VistaDream: Sampling multiview consistent images for single-view scene reconstruction

Haiping Wang,Yuan Liu,Ziwei Liu,Wenping Wang,Zhen Dong,Bisheng Yang
2024-10-22
Abstract:In this paper, we propose VistaDream a novel framework to reconstruct a 3D scene from a single-view image. Recent diffusion models enable generating high-quality novel-view images from a single-view input image. Most existing methods only concentrate on building the consistency between the input image and the generated images while losing the consistency between the generated images. VistaDream addresses this problem by a two-stage pipeline. In the first stage, VistaDream begins with building a global coarse 3D scaffold by zooming out a little step with inpainted boundaries and an estimated depth map. Then, on this global scaffold, we use iterative diffusion-based RGB-D inpainting to generate novel-view images to inpaint the holes of the scaffold. In the second stage, we further enhance the consistency between the generated novel-view images by a novel training-free Multiview Consistency Sampling (MCS) that introduces multi-view consistency constraints in the reverse sampling process of diffusion models.
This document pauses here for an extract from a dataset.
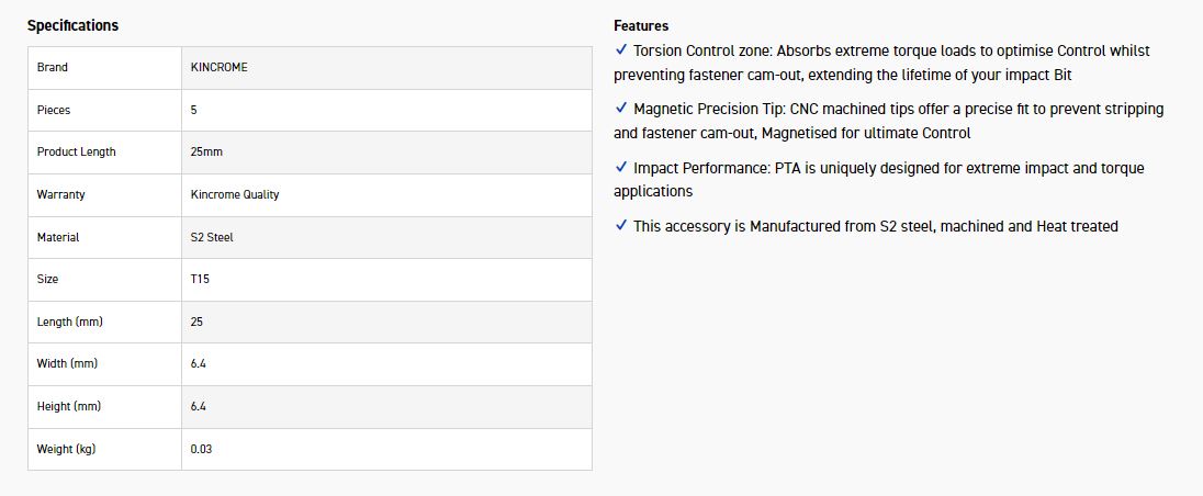 KINCROME K21378 IMPACT BIT TORX T15 25MM 5 PCK
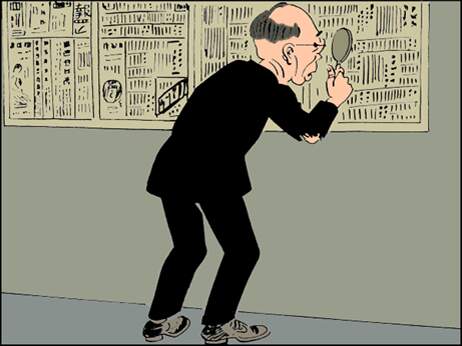 这天晚上,街头走来一位戴眼镜的老先生,借着路灯看报牌

Experimental results demonstrate that without training or fine-tuning existing diffusion models, VistaDream achieves consistent and high-quality novel view synthesis using just single-view images and outperforms baseline methods by a large margin. The code, videos, and interactive demos are available at <a class="link-external link-https" href="https://vistadream-project-page.github.io/" rel="external noopener nofollow">this https URL</a>.
Computer Vision and Pattern Recognition
What problem does this paper attempt to address?
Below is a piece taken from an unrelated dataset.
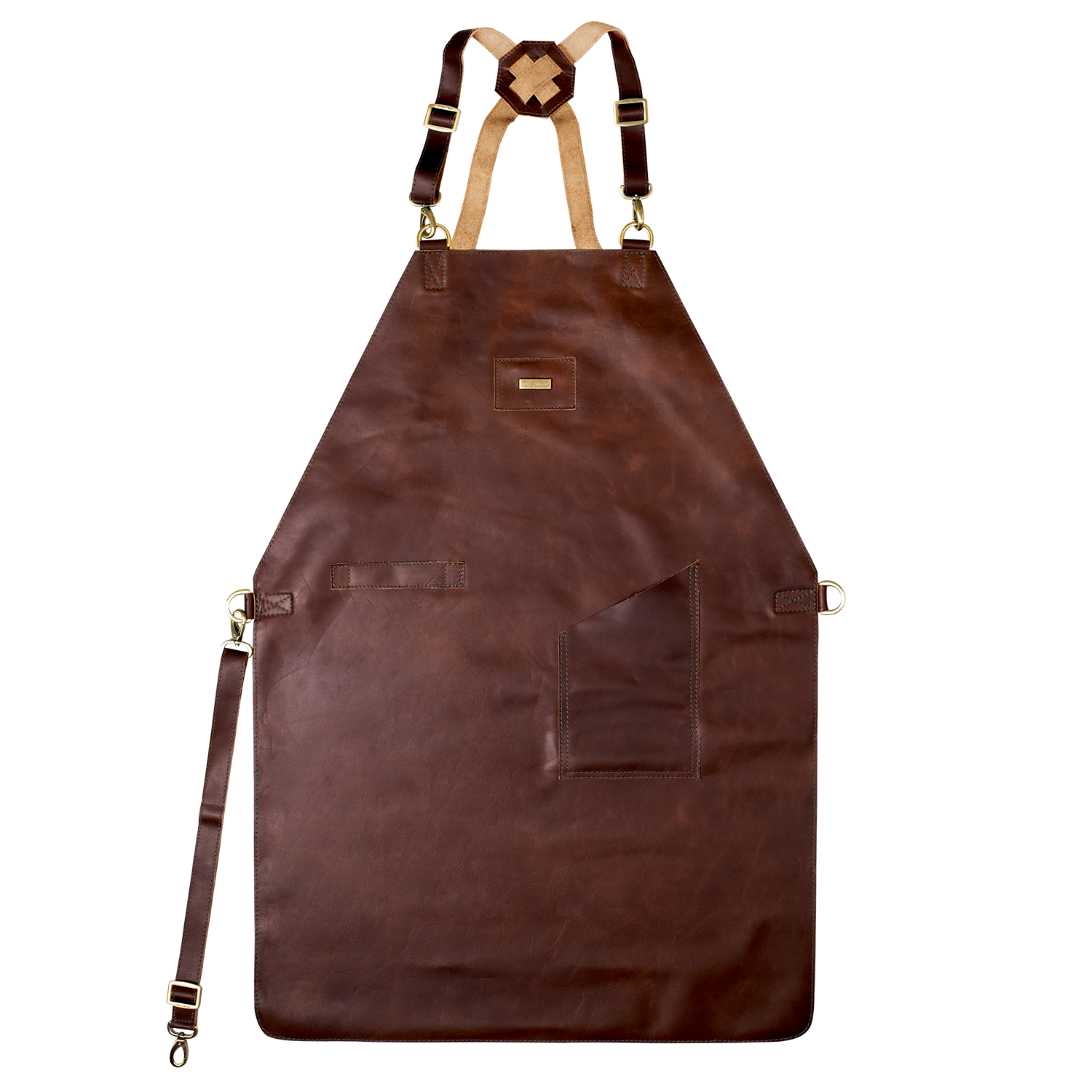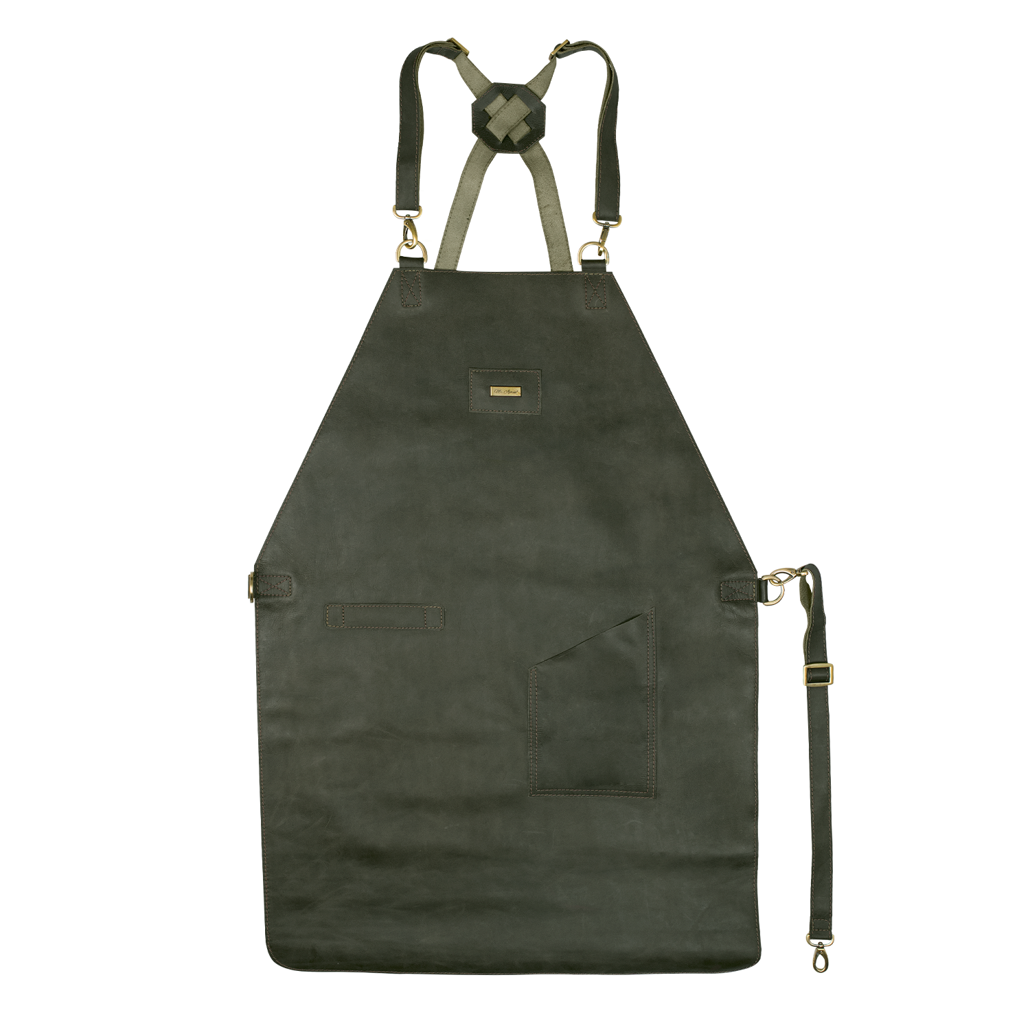 El mandil de cuero evoca la esencia de lo rústico y la autenticidad del cuero genuino con diseño de correas cruzadas, combina la durabilidad...
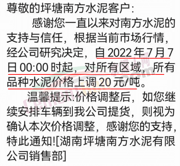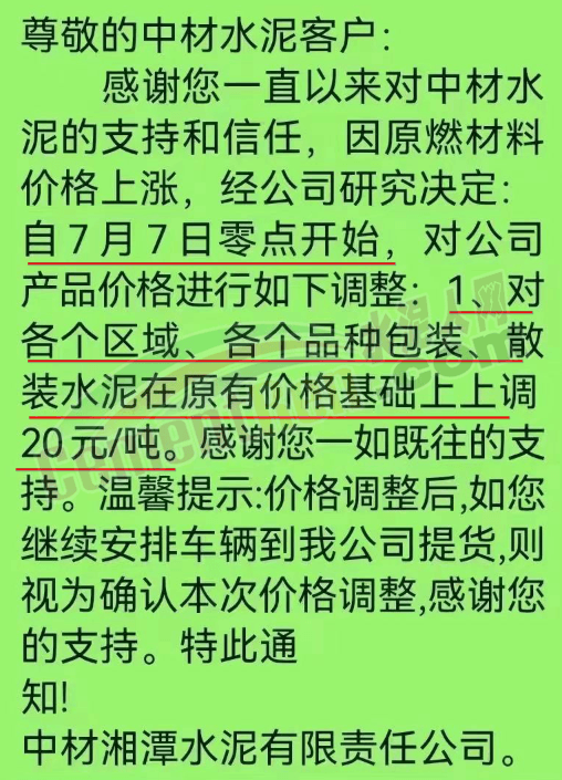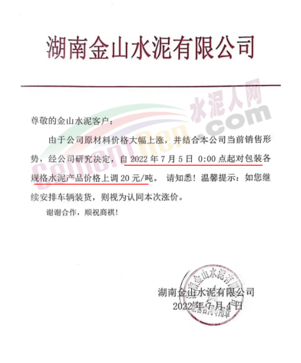 湖南金山水泥通知,由于公司原材料價格大幅上漲,結(jié)合公司當前銷售形勢,經(jīng)公司研究決定,自7月5日0時起對包裝各規(guī)格水泥產(chǎn)品價格上調(diào)20元/噸。

### Problems Addressed by the Paper This paper aims to address the problem of reconstructing 3D scenes from single-view images. Specifically, existing methods, while maintaining consistency between the input image and the generated image when creating new view images, struggle to maintain consistency among multiple generated images. This results in inconsistencies in the generated 3D scenes from different viewpoints. ### Main Contributions 1. **Two-Stage Framework**: - **Stage 1**: Construct a rough global 3D scaffold by expanding the field of view (FoV) and performing boundary padding and depth estimation to generate extended view images. - **Stage 2**: Introduce the Multiview Consistency Sampling (MCS) algorithm to resample multiview consistent images from a pre-trained diffusion model, optimizing the reconstructed 3D scene. 2. **Multiview Consistency Sampling (MCS)**: - The MCS algorithm introduces multiview consistency constraints during the reverse sampling process of the diffusion model, ensuring consistency among the generated multiview images, thereby improving the quality of the 3D scene. ### Experimental Results - **Qualitative Comparison**: Compared to existing methods (such as RealDreamer, GenWarp, CAT3D), VistaDream demonstrates significant advantages in the consistency and quality of multiview images in the generated 3D scenes. - **Quantitative Evaluation**: Evaluation results on multiple metrics (such as noise level, edge sharpness, structure, detail, overall quality) show that VistaDream surpasses other baseline methods without the need for fine-tuning and is comparable to the extensively trained CAT3D method. ### Conclusion VistaDream proposes a two-stage framework that successfully addresses the problem of reconstructing high-quality 3D scenes from single-view images by introducing a vision-language model-assisted global 3D scaffold and multiview consistency sampling. Experimental results indicate that this method can qualitatively and quantitatively outperform existing baseline methods without the need for fine-tuning.